BAMBINI DIETRO LE SBARRE

Un altro dramma, che si consuma in carcere, è la presenza di figli minori con le proprie madri detenute. Lia Sacerdote è la fondatrice dell’associazione “Bambini senza Sbarre”, attiva su tutto il territorio. Da oltre vent’anni, è impegnata nell’individuare un percorso di accompagnamento del minore e dei genitori detenuti, nella loro esperienza di separazione e nella necessità di mantenere viva la relazione tra di loro. «Il rapporto tra detenuto e famiglia (nello specifico figlio/figlia) è un tema cruciale – afferma Lia Sacerdote – La famiglia del detenuto vive una specie di “detenzione in libertà, sul territorio”. La questione, sotto l’attenzione dell’istituzione carceraria, è poter mantenere la relazione, quale bisogno, diventato diritto con la Carta che abbiamo firmato nel 2014. Il minorenne, o il bambino, ha diritto ad entrare in carcere per incontrare il genitore e mantenere quella relazione che è fondante per il suo processo di crescita. Questo è in continuità con l’articolo 9 della Convenzione dell’Onu sull’infanzia. Inoltre, costituisce prevenzione sociale, perché, dalle statistiche, emerge che, se non c’è un accompagnamento di questi ragazzi, c’è il rischio che si profili un destino di carcere: una sorta di continuità di detenzione tra generazioni, che va interrotta. Il paradosso è accompagnare i bambini in carcere, rendendo questo luogo educativo. Questo è un diritto del piccolo e del genitore, che desidera mantenere il proprio ruolo, separando il reato dalla persona, perché il figlio deve capire che si può sbagliare, ma non ha un genitore sbagliato: un genitore è uno che ama e questo rapporto va protetto».

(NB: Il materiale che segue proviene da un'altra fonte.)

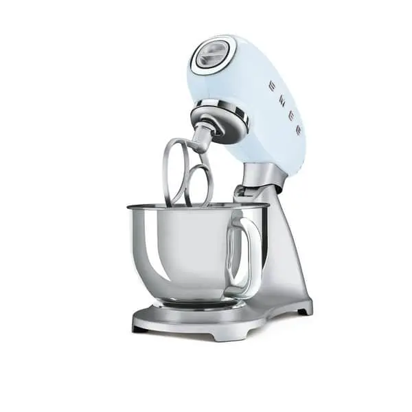 Retro køkkenmaskine i formpresset aluminium fra SMEG i en smuk pastelblå farve. Med denne køkkenmaskine er du dækket ind i forhold til de udfordringer, du møder i køkkenet i hverdagen eller når der skal eksperimenteres med lækre opskrifter til weekendens gæster.
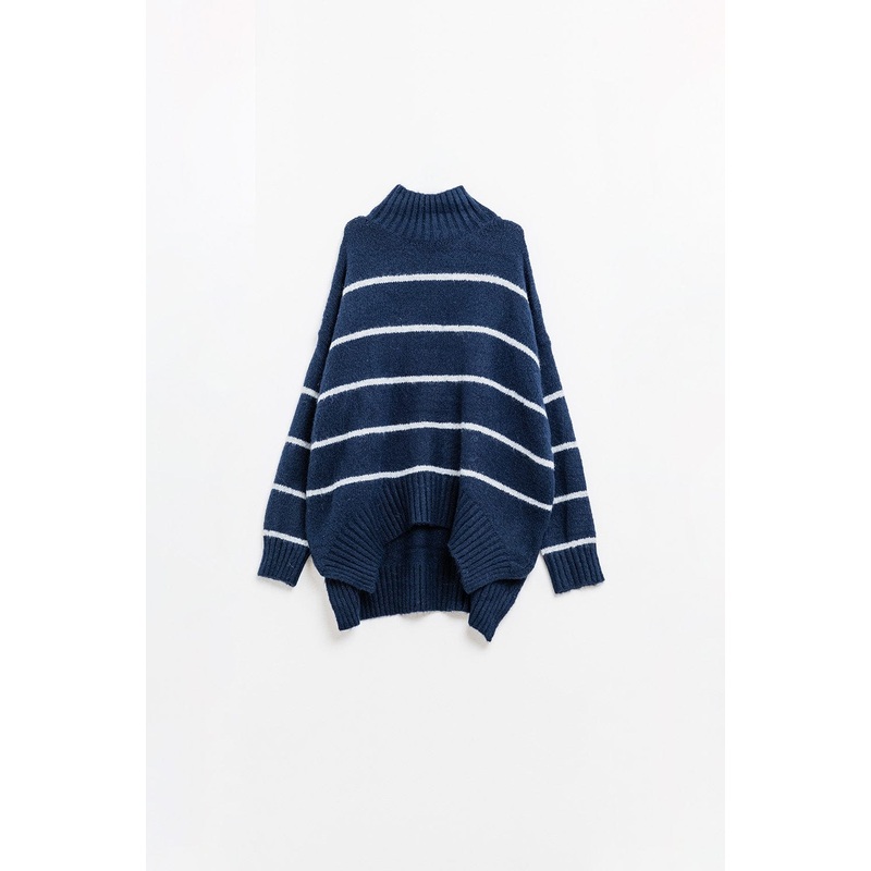 This oversized navy sweater with white stripes is the perfect combination of effortless style and cozy comfort. Designed with a relaxed, oversized fit, it drapes beautifully over your silhouette, creating a laid-back yet polished look. The bold white strip
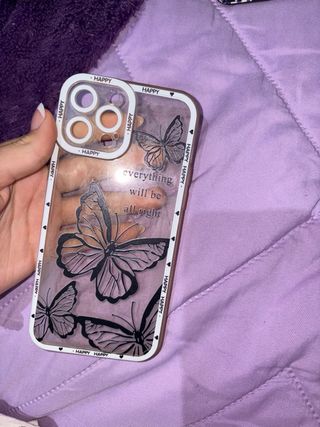 Funda protectora para iPhone 13 Pro Max con un diseño de mariposas y la frase everything will be all right. - Diseño transparente con mariposas. - Mensaje inspirador. - Bordes con estampado HAPPY.
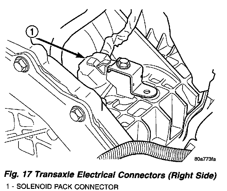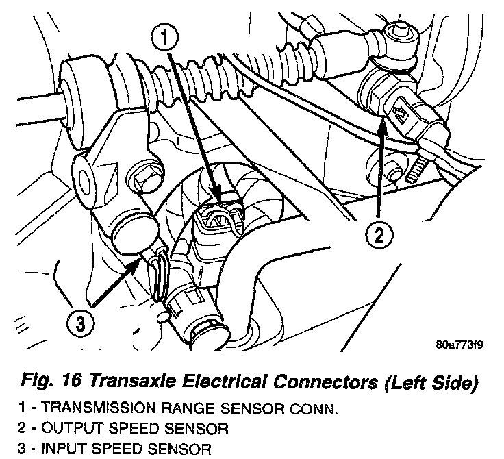 20. Remove transaxle solenoid, input speed, output speed, and TRS connectors from the transaxle (Fig. 16) and (Fig. 17).
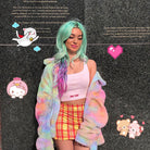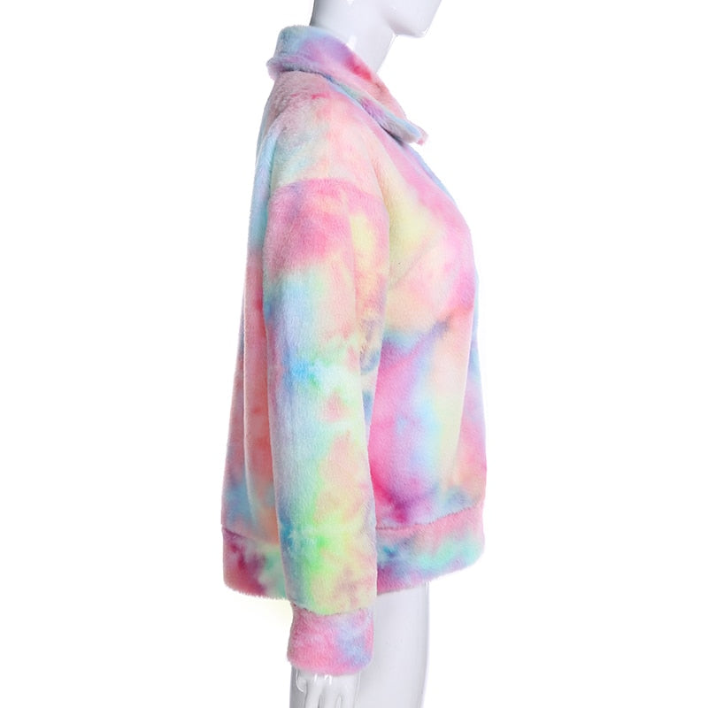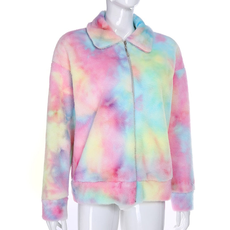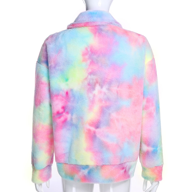 Color Contrast Jacket And Crop Sweater With Zipper Closure And Faux Fur Material
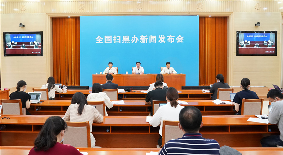 天津、黑龍江、貴州、新疆掃黑除惡專項斗爭領(lǐng)導小組負責同志通過視頻連線,向新聞媒體介紹了相關(guān)案件辦理情況,并回答記者提問。
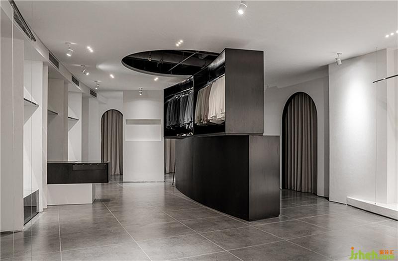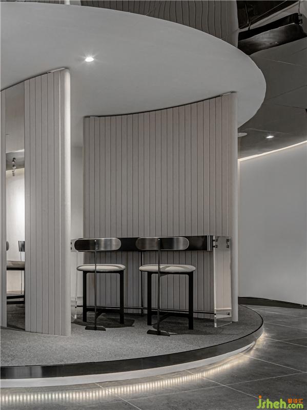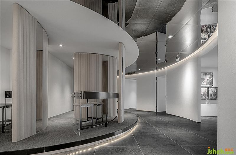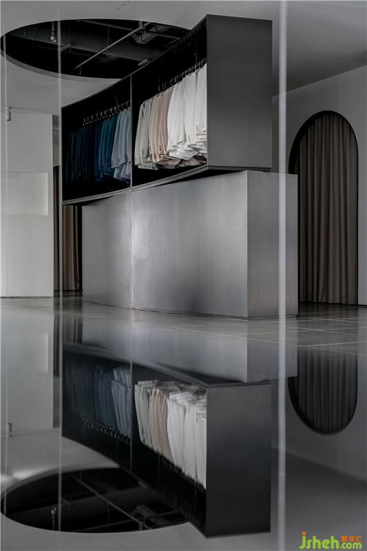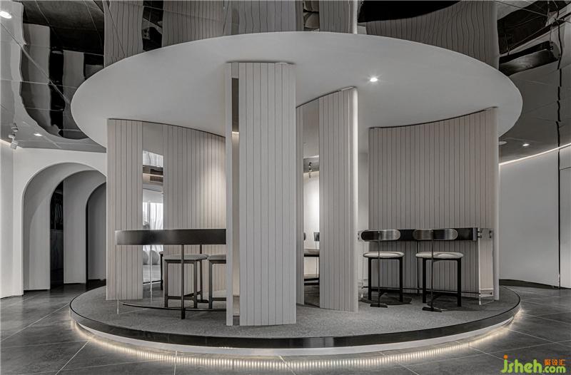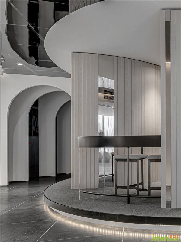 弧形的金屬板建造,流露出經(jīng)典而浪漫的一面。過廊左右分設(shè)化妝間與展示區(qū),層次貫穿加重了視覺體量感,完美地融合了頂面和地面。簡(jiǎn)約大方而又富有設(shè)計(jì)感,柔美中滲透著莊重感。
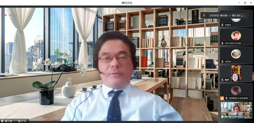 2023年4月8日上午9点,公司通过腾讯会议平台成功举办了以“ヒトの言語の特徴、ソシュールの言語学、日本語学とは、音声と音韻、品詞と活用”为主题的第一百五十五场著名学者系列讲座,也是一带一路背景下西部日语教师教育系列的第一场讲座。本次讲座由日本一桥大学国际教育交流中心庵功雄教授主讲,公司曹婷副教授主持,近70名校内外师生参加了讲座。
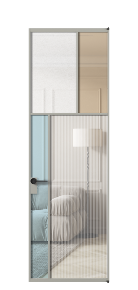 Лаконичный разделительный профиль внутренней раскладки полотна обеспечивает эстетический внешний вид конструкции и идеальную стыковку вставок из стекла.
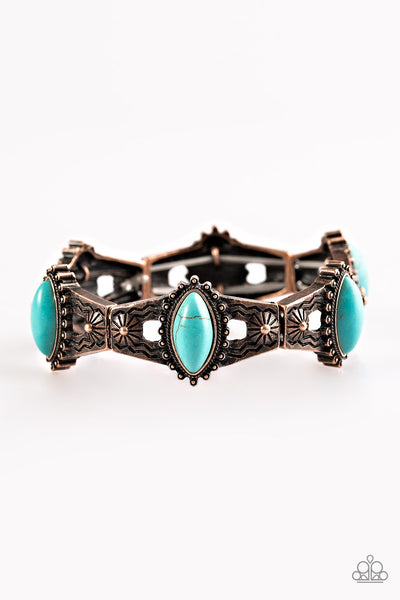 Ornate copper frames are threaded along an elastic stretchy band and linked around the wrist. Refreshing turquoise stones are pressed into the centers of the tribal inspired frames for a seasonal finish.
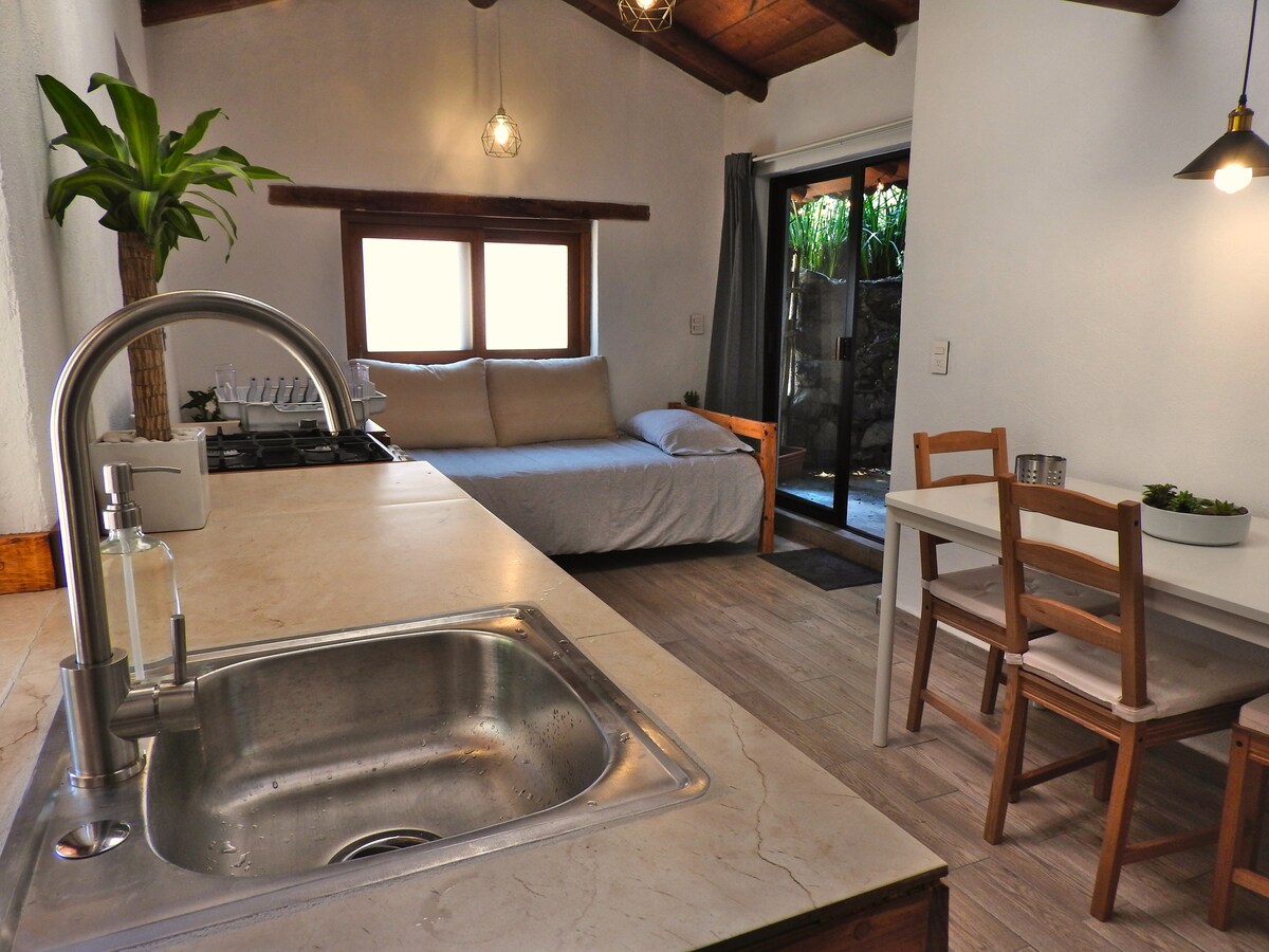 Word wakker tussen bomen en natuurlijk licht in Casita Woods, een warm en elegant toevluchtsoord midden in het bos van Valle de Bravo. Perfect om de stekker uit het stopcontact te halen, te lezen bij de vuurplaats of te genieten van koffie op het terras omgeven door groen. Op enkele minuten van het meer en het centrum, maar ver genoeg om totale rust te voelen. Ideaal voor romantische uitjes of een creatieve pauze in de natuur.

“PARTITA CON MAMMA E PAPÀ”

“Bambini senza sbarre” ha avviato l’ottava edizione della “Partita con mamma e papà”: l’atteso incontro tra genitori detenuti e i loro figli, che apre le porte, degli istituti penitenziari alle famiglie dei detenuti. Si tratta di un momento ludico, che rimane a lungo nella loro memoria. L’evento, come ogni anno, coincide con la Campagna europea di sensibilizzazione “Non un mio crimine, ma una mia condanna” attivato nel mese di giugno. Quest’anno, l’iniziativa è coincisa con il decennale della “Carta dei diritti dei figli di genitori detenuti”, firmata il 21 marzo 2014, a Roma, per la prima volta in Europa (rinnovata nel 2016, nel 2018 e nel 2021). Gli autori della “Carta dei diritti dei figli di genitori detenuti”, a tutela dei diritti dei 100mila bambini e adolescenti, che ogni anno entrano nelle carceri italiane, sono stati il Ministero della Giustizia, l’Autorità Garante per l’infanzia e l’adolescenza e l’Associazione “Bambini senza sbarre”. La Carta ha l’ambizione di evitare la presenza di bambini in carcere. Inoltre, affinché questi piccoli abbiano una vita normale, attraverso il libero accesso alle aree all’aperto, agli asili nido e alle scuole, la suddetta carta mira ad attivare queste strutture, con l’ausilio di persone specializzate e aggiornate, nonché’ ad avviare misure a supporto della genitorialità, che in carcere vive condizioni di estrema fragilità. «La Carta nasce da un lungo percorso iniziato dieci anni fa e rappresenta lo strumento che può cambiare la vita dei ragazzi che “Bambini senza sbarre” segue da vent’anni – aggiunge Lia Sarcedote – e questi sono ragazzi con uno stigma sociale, a causa di uno o entrambi i genitori in carcere. La Carta libera questi bambini dall’esclusione e dal facile buonismo, che toglie dignità alle scelte proposte dalla vita, con la consapevolezza e la forza di rappresentare una promessa per se stessi e per tutta la società. La Carta italiana è diventata modello per la prima Raccomandazione dei 47 Paesi del Consiglio d’Europa nell’aprile del 2018, anticipando un percorso che gli altri Paesi europei, e non solo, stanno ora affrontando».